Top of TASK DATA

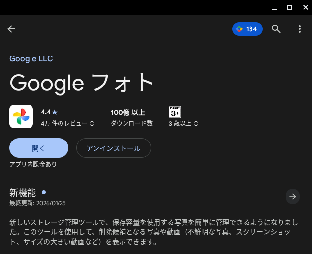 3. 「Google フォト」 を検索し、[インストール] します
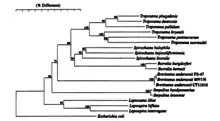 Brevinema andersonii was first identified in 1987 by Anderson F. John, Russell C. Johnson, Louis A.Magnarell, Fred W. Hyde, and Theodore G Andreadis in blood and tissues from Blarina brevicauda (short-tailed shrew) and Peromyscus leucopus (white-footed mouse).[2] Initially thought to be associated with Borrelia burgdorferi this organism was finally brought to light with more advanced growth mediums. Upon electron microscopy of cultures from this medium, a distinct morphology stood out from the rest.[2] It was not until 1995 that a push for this organism to be found as a new species. This push came as an article from the Journal of Systematic Bacteriology that exclaimed data supports this organism to be its own genus species was broadcast. Written by D.L. Defosse, R. C. Johnson, B. J. Paster, F. E. Dewhirst, they found genomic evidence to support their claim that Brevienma andersonii was its own deep rooted spirochete. Their findings showed that this organism was around 75% similar in genome to other known spirochetes, this showed that B. andersonii was in a taxon of its own.[1][2]
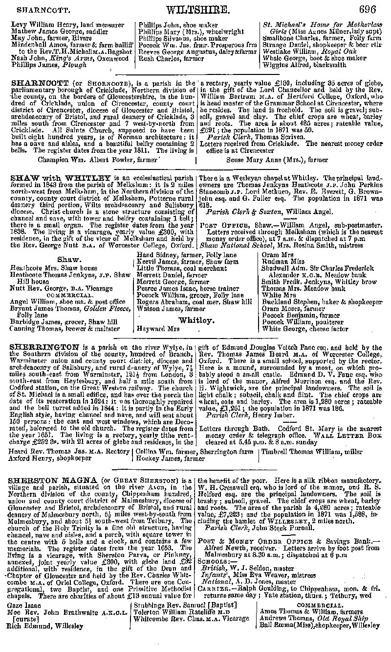 Page 141 Description and residents of Semley, Shalbourne, Sharcott (now in Gloucestershire), Shaw and Whitley, Sherrington and Sherston.
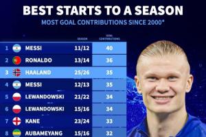 仅次于梅罗!本世纪赛季开局进球贡献数:哈兰德35球位列历史第三
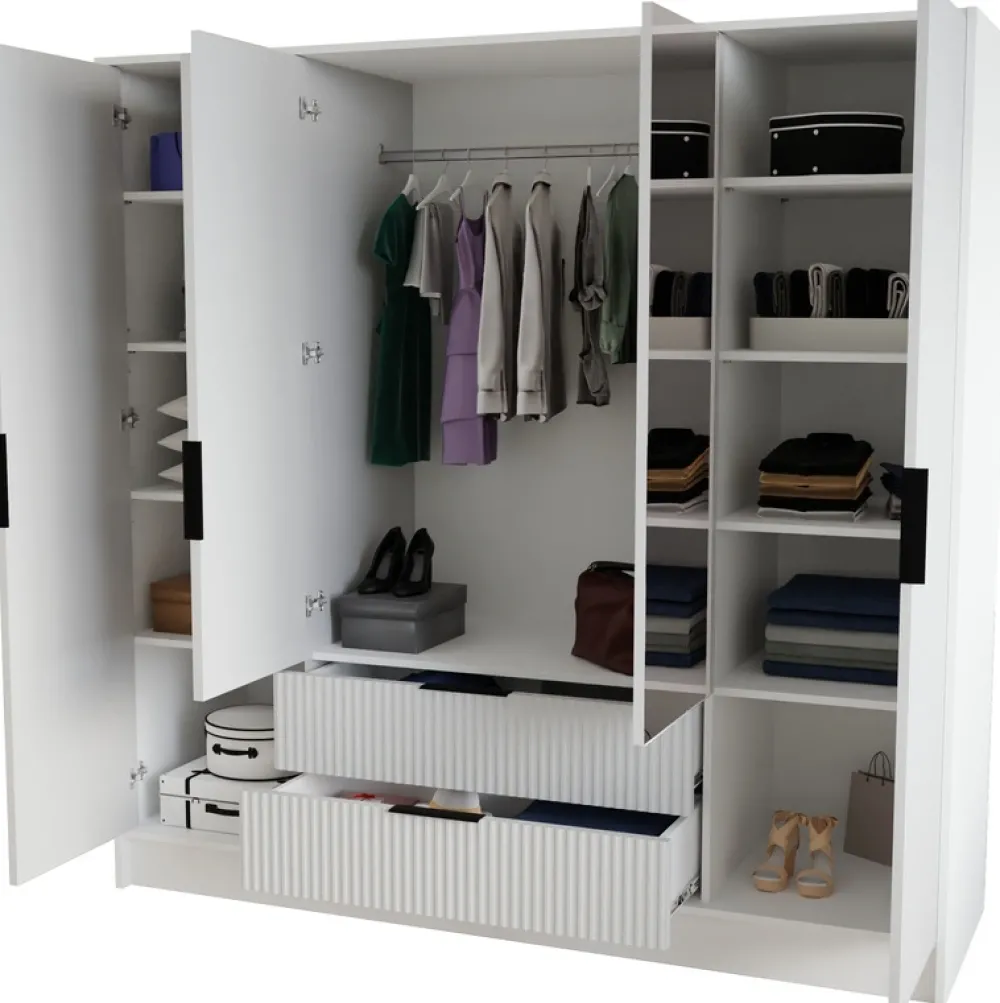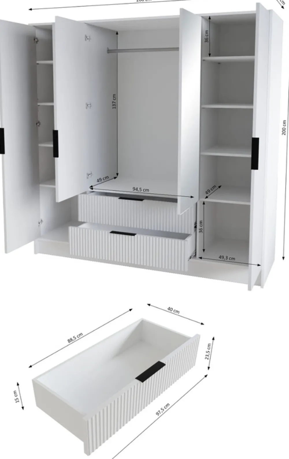 Szafa została zaprojektowana tak, aby ułatwić przechowywanie odzieży i dodatków. Półki po lewej i prawej stronie pozwalają na uporządkowanie złożonych ubrań, pościeli czy akcesoriów. Środkowa część z drążkiem na wieszaki to idealne miejsce na marynarki, płaszcze i koszule, zapewniając im odpowiednie ułożenie bez zagnieceń. Dodatkowo, dwie pojemne szuflady u dołu ułatwiają przechowywanie bielizny, dodatków i innych drobnych przedmiotów.
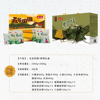 五谷田园2400g(小黄米400g+燕麦片400g+小麦仁400g+小玉米渣400g+糙米400g+红米400g)+燕之坊粽情礼盒2000g(五芳猪肉粽100g×2+板栗猪肉粽100g×2+甜味赤豆粽100g×2+香糯蜜枣粽100g×2+绿豆百合粥150g×4+八宝粥150g×4)
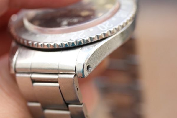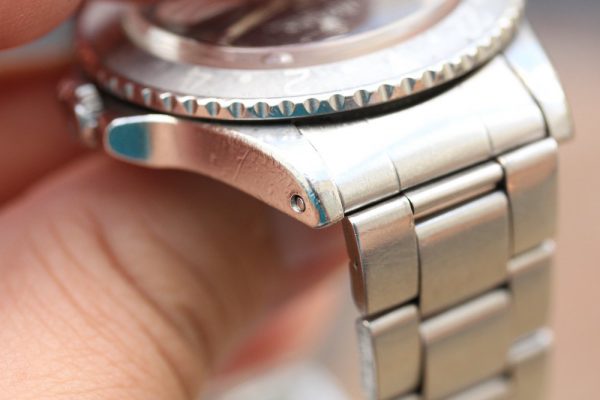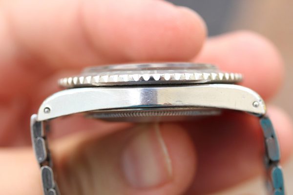 Very good vintage condition case. The case shows obviously signs of wear, but still retains thick lugs and crown guards. Serial and reference numbers are intact and visible.
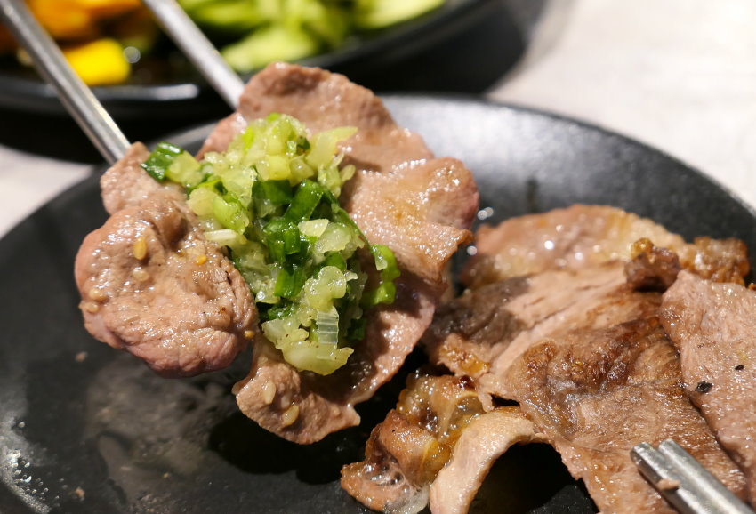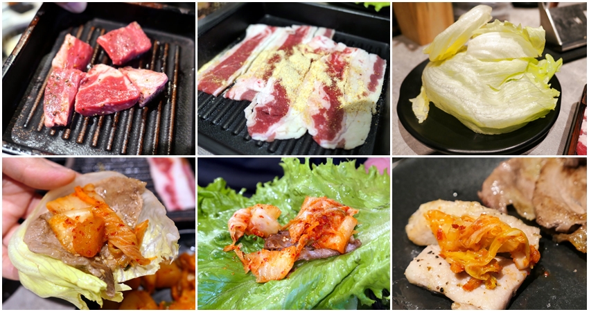 ▼椒鹽角切牛肉,吃起來其實還不錯~~但可惜要烤比較久!想要吃更多肉肉就要搭配多元的配菜,我們很喜歡將燒肉夾在生菜中,再加上泡菜、辣蘿蔔等一起享用,大口咬下超爽快!
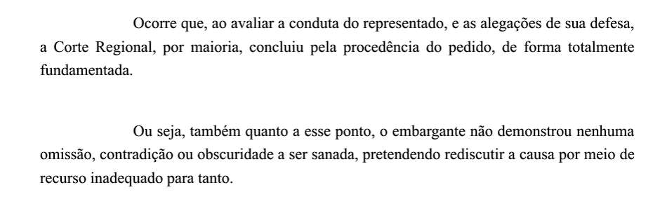O procurador regional eleitoral Rafael da Silva Rocha analisou diversos pontos destacados pela defesa de Silas, afirmando que tanto o partido quanto o deputado fizeram uma tentativa de reabrir uma discussão da causa “sem apontar omissão, contradição ou obscuridade”.
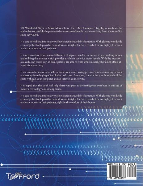 20 Wonderful Ways to Make Money from Your Own Computer' highlights the methods the author has successfully implemented to earn a comfortable income working from a home office since early 2004. It is easy to read and informative with pictures included for illustration. With gloomy worldwide economy, this book provides fresh ideas and insights for the retrenched or unemployed to work and earn money in their pajamas, right in the comfort of their homes. It is never too late to learn new skills and techniques even for the novice to start making money and milking the internet which provides a stabl...
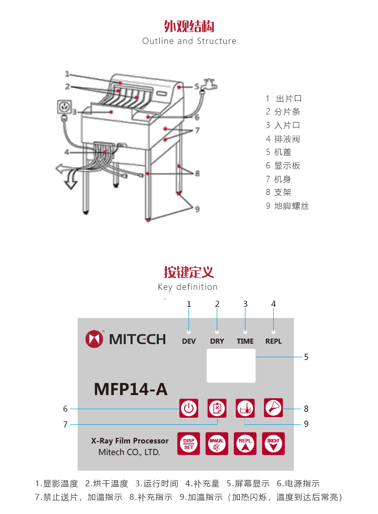 功能用途MFP14-A全自動(dòng)膠片沖洗機(jī)是全自動(dòng)運(yùn)行的臺(tái)式?jīng)_片機(jī),膠片通過(guò)顯影、定影、水洗、烘干四個(gè)步驟自動(dòng)實(shí)現(xiàn)快速、

Bottom of TASK DATA

• YOUR ASSIGNMENT
A word-for-word copy of the records is required. Leave out every picture.

• TASK SOLUTION
 3. 「Google フォト」 を検索し、[インストール] します
 Brevinema andersonii was first identified in 1987 by Anderson F. John, Russell C. Johnson, Louis A.Magnarell, Fred W. Hyde, and Theodore G Andreadis in blood and tissues from Blarina brevicauda (short-tailed shrew) and Peromyscus leucopus (white-footed mouse).[2] Initially thought to be associated with Borrelia burgdorferi this organism was finally brought to light with more advanced growth mediums. Upon electron microscopy of cultures from this medium, a distinct morphology stood out from the rest.[2] It was not until 1995 that a push for this organism to be found as a new species. This push came as an article from the Journal of Systematic Bacteriology that exclaimed data supports this organism to be its own genus species was broadcast. Written by D.L. Defosse, R. C. Johnson, B. J. Paster, F. E. Dewhirst, they found genomic evidence to support their claim that Brevienma andersonii was its own deep rooted spirochete. Their findings showed that this organism was around 75% similar in genome to other known spirochetes, this showed that B. andersonii was in a taxon of its own.[1][2]
 Page 141 Description and residents of Semley, Shalbourne, Sharcott (now in Gloucestershire), Shaw and Whitley, Sherrington and Sherston.
 仅次于梅罗!本世纪赛季开局进球贡献数:哈兰德35球位列历史第三
 Szafa została zaprojektowana tak, aby ułatwić przechowywanie odzieży i dodatków. Półki po lewej i prawej stronie pozwalają na uporządkowanie złożonych ubrań, pościeli czy akcesoriów. Środkowa część z drążkiem na wieszaki to idealne miejsce na marynarki, płaszcze i koszule, zapewniając im odpowiednie ułożenie bez zagnieceń. Dodatkowo, dwie pojemne szuflady u dołu ułatwiają przechowywanie bielizny, dodatków i innych drobnych przedmiotów.
 五谷田园2400g(小黄米400g+燕麦片400g+小麦仁400g+小玉米渣400g+糙米400g+红米400g)+燕之坊粽情礼盒2000g(五芳猪肉粽100g×2+板栗猪肉粽100g×2+甜味赤豆粽100g×2+香糯蜜枣粽100g×2+绿豆百合粥150g×4+八宝粥150g×4)
 Very good vintage condition case. The case shows obviously signs of wear, but still retains thick lugs and crown guards. Serial and reference numbers are intact and visible.
 ▼椒鹽角切牛肉,吃起來其實還不錯~~但可惜要烤比較久!想要吃更多肉肉就要搭配多元的配菜,我們很喜歡將燒肉夾在生菜中,再加上泡菜、辣蘿蔔等一起享用,大口咬下超爽快!
O procurador regional eleitoral Rafael da Silva Rocha analisou diversos pontos destacados pela defesa de Silas, afirmando que tanto o partido quanto o deputado fizeram uma tentativa de reabrir uma discussão da causa “sem apontar omissão, contradição ou obscuridade”.
 20 Wonderful Ways to Make Money from Your Own Computer' highlights the methods the author has successfully implemented to earn a comfortable income working from a home office since early 2004. It is easy to read and informative with pictures included for illustration. With gloomy worldwide economy, this book provides fresh ideas and insights for the retrenched or unemployed to work and earn money in their pajamas, right in the comfort of their homes. It is never too late to learn new skills and techniques even for the novice to start making money and milking the internet which provides a stabl...
 功能用途MFP14-A全自動(dòng)膠片沖洗機(jī)是全自動(dòng)運(yùn)行的臺(tái)式?jīng)_片機(jī),膠片通過(guò)顯影、定影、水洗、烘干四個(gè)步驟自動(dòng)實(shí)現(xiàn)快速、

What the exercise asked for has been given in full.